What are the 4 C's in mortgage? ›

So, what do lenders look at when deciding to approve or deny an application? Lenders consider four criteria, also known as the 4 C's: Capacity, Capital, Credit, and Collateral. What is your ability to pay back your mortgage?

What are the four C's of mortgage lending? ›

Credit, Capacity, Capitol, and Collaterals are the four important Cs in the mortgage world and the most looked-at factors by banks when it comes to loan approval. So, what do each of the 4Cs mean, and why are they so important?

What are the 4 C's of credit mortgage? ›

Standards may differ from lender to lender, but there are four core components — the four C's — that lenders will evaluate in determining whether they will make a loan: capacity, capital, collateral and credit.

What is the best type of mortgage? ›

If you have a strong credit score and can afford to make a sizable down payment, a conventional mortgage is the best pick. The 30-year, fixed-rate option is the most popular choice for homebuyers.

Which type of loan has the lowest interest rate? ›

Secured loans typically offer some of the lowest interest rates due to the collateral provided by the property.

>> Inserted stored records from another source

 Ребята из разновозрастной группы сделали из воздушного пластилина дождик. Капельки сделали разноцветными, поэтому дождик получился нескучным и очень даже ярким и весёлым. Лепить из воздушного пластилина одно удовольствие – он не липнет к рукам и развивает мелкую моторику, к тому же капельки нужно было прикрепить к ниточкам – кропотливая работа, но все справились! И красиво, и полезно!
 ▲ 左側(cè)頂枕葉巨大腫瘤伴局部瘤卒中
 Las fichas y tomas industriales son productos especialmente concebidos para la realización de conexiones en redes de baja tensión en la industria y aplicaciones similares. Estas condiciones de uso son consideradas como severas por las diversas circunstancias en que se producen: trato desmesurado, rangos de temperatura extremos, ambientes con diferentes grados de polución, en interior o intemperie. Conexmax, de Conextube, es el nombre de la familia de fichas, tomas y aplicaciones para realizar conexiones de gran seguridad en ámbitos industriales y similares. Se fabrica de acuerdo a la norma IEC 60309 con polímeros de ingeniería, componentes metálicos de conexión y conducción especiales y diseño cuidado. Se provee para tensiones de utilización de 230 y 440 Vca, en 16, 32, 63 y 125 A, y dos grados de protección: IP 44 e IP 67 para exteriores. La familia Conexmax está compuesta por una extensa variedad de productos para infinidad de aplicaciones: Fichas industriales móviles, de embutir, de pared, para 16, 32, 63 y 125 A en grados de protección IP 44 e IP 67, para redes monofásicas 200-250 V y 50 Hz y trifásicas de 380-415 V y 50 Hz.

The loan is secured by the home, gold, or any vehicle, which reduces the risk for the lender.

Which type of loan is best? ›

A personal loan is probably the best way to go for those who need to borrow a relatively small amount of money and are certain they can repay it within a couple of years. A personal loan calculator can be a useful tool for determining what kind of interest rate is within your means.

What habit lowers your credit score? ›

Making a Late Payment

Every late payment shows up on your credit score and having a history of late payments combined with closed accounts will negatively impact your credit for quite some time. All you have to do to break this habit is make your payments on time.

What is 3 arm mortgage? ›

A 3/1 ARM, or adjustable-rate mortgage, is a 30-year, fully-amortizing mortgage with a low, fixed introductory rate for the first three years. After this fixed period, the rate becomes variable, changing once per year. The variable rate is tied to a benchmark, typically the Secured Overnight Financing Rate (SOFR).

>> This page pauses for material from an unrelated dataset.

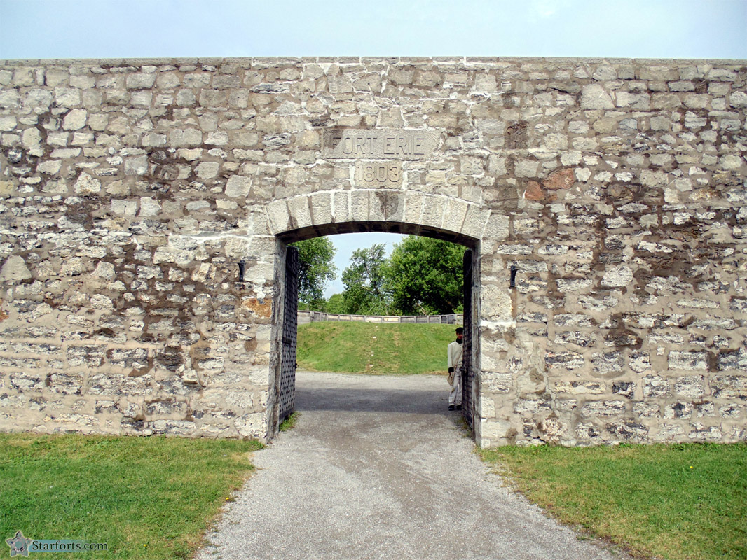 Above the portal we see FORT ERIE 1803, which is slightly misleading. This final iteration of Fort Erie was designed in 1803, but construction didn't begin until 1805, and the fort wasn't complete when the War of 1812 rolled across the Niagara River. Whomever was in charge of carving that date likely figured that an earlier date is always more impressive than a strictly accurate date. And what is that we see peeping out of the gate? We'll look into that mystery in a wee bit.

What makes a mortgage AAA? ›

The S&P and Fitch AAA ratings are the highest assigned to any debt issuer. An AAA rating is the equivalent of the Aaa rating issued by Moody's. AAA ratings are issued to investment-grade debt that has a high level of creditworthiness with the strongest capacity to repay investors.

What is the most common type of mortgage? ›

Conventional mortgages are the most common type of mortgage. That said, conventional loans may have different requirements for a borrower's minimum credit score and debt-to-income ratio (DTI) than other loan options.

What is the common type of mortgage? ›

The most common types are 30-year and 15-year fixed-rate mortgages. Some mortgage terms are as short as five years, while others can run 40 years or longer.

What is the most commonly used mortgage? ›

Below we go into detail about the most common types of mortgage.
  • Fixed rate mortgages. With a fixed rate mortgage, you will pay a set rate of interest for a certain number of years. ...
  • Tracker mortgages. ...
  • Standard variable rate. ...
  • Discounted mortgages. ...
  • Interest-only mortgages.

What are 5 mortgages? ›

The 5/1 Mortgage Origination Program (5/1 MOP) is an alternative product to the Standard MOP. 5/1 MOP is a fully-amortizing first deed of trust loan that offers an initial fixed interest rate and payment for the first 5 years of the loan, after which the loan converts to a Standard MOP for the remaining loan term.